Provided entries →
# # #

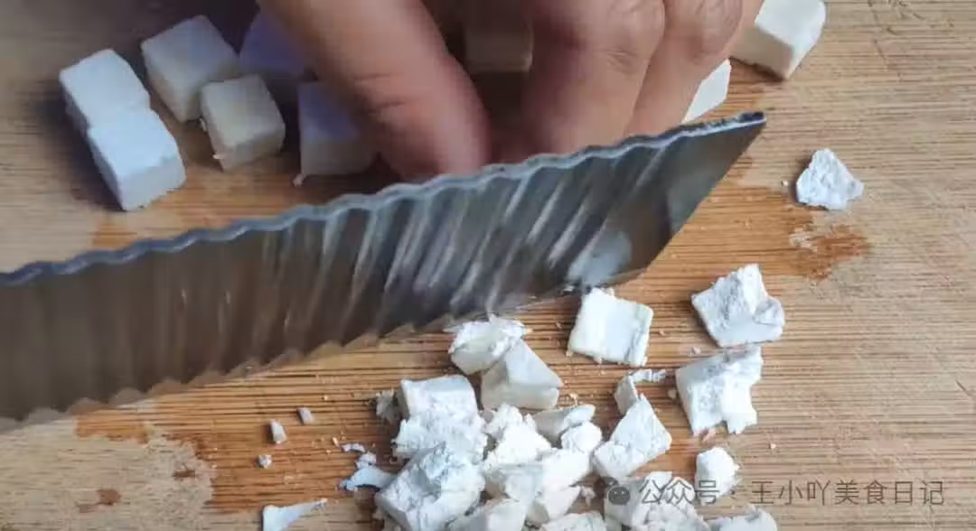 3.處理茯苓:將浸泡好的茯苓從水中撈出,放在案板上。由於茯苓質地堅硬,為了便於其營養成分的釋放,我們需要將其切成小塊。切好後,直接放入鍋中,為接下來的煮製做好準備。
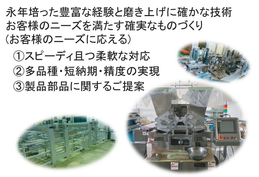 | 主要製品 | 精密加工部品・設計・組立・据付工事 |
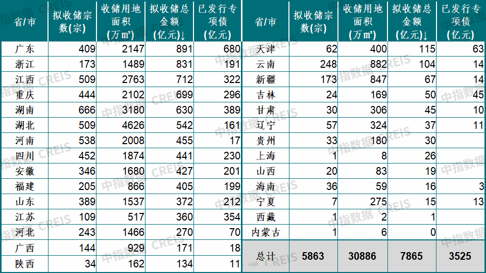 具体到各个省市,截至3月31日,广东、浙江、江西、重庆、湖南、湖北、河南、四川、安徽、福建的拟收储总金额居于前十,分别为891亿元、831亿元、712亿元、699亿元、630亿元、542亿元、455亿元、441亿元、427亿元、405亿元。
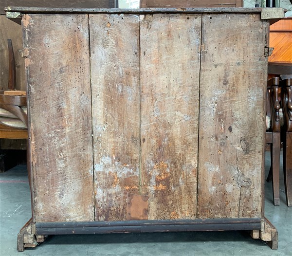 Antica credenza in legno intagliato a due cassetti sottopiano e due ante, monta
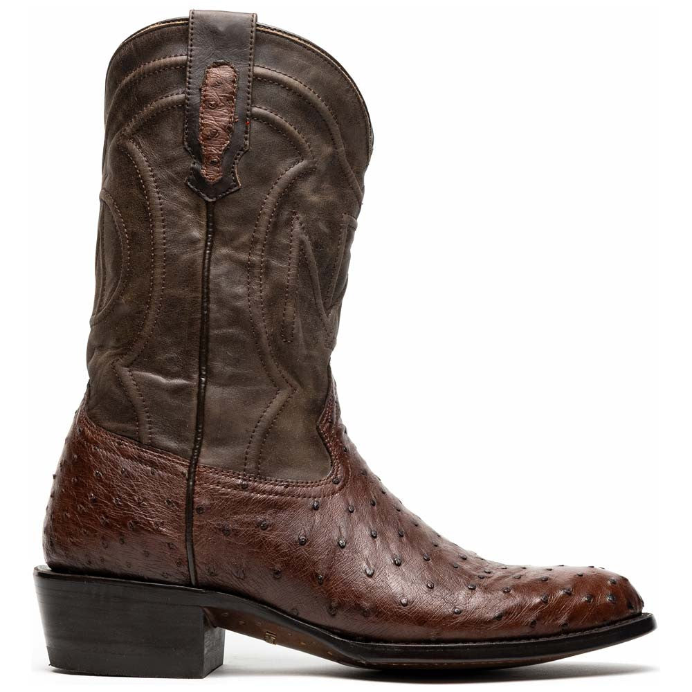 The SAVANNAH tabac full quill ostrich boot captures rugged refinement with a deep, earthy tone that speaks of timeless Western heritage. Crafted by Marco Di Milano Western artisans, its genuine full-quill ostrich vamp showcases a unique texture and natural sheen, perfectly balanced by a warm tabac-brown leather shaft adorned with fine stitch detailing. A comfortable round toe, signature red lining, and a resilient leather/TPU hybrid sole ensure both style and endurance. Designed for those who command attention with understated sophistication.

# # #

Take the records above and transcribe them exactly, dropping every picture.

Response to this exercise →
 3.處理茯苓:將浸泡好的茯苓從水中撈出,放在案板上。由於茯苓質地堅硬,為了便於其營養成分的釋放,我們需要將其切成小塊。切好後,直接放入鍋中,為接下來的煮製做好準備。
 | 主要製品 | 精密加工部品・設計・組立・据付工事 |
 具体到各个省市,截至3月31日,广东、浙江、江西、重庆、湖南、湖北、河南、四川、安徽、福建的拟收储总金额居于前十,分别为891亿元、831亿元、712亿元、699亿元、630亿元、542亿元、455亿元、441亿元、427亿元、405亿元。
 Antica credenza in legno intagliato a due cassetti sottopiano e due ante, monta
 The SAVANNAH tabac full quill ostrich boot captures rugged refinement with a deep, earthy tone that speaks of timeless Western heritage. Crafted by Marco Di Milano Western artisans, its genuine full-quill ostrich vamp showcases a unique texture and natural sheen, perfectly balanced by a warm tabac-brown leather shaft adorned with fine stitch detailing. A comfortable round toe, signature red lining, and a resilient leather/TPU hybrid sole ensure both style and endurance. Designed for those who command attention with understated sophistication.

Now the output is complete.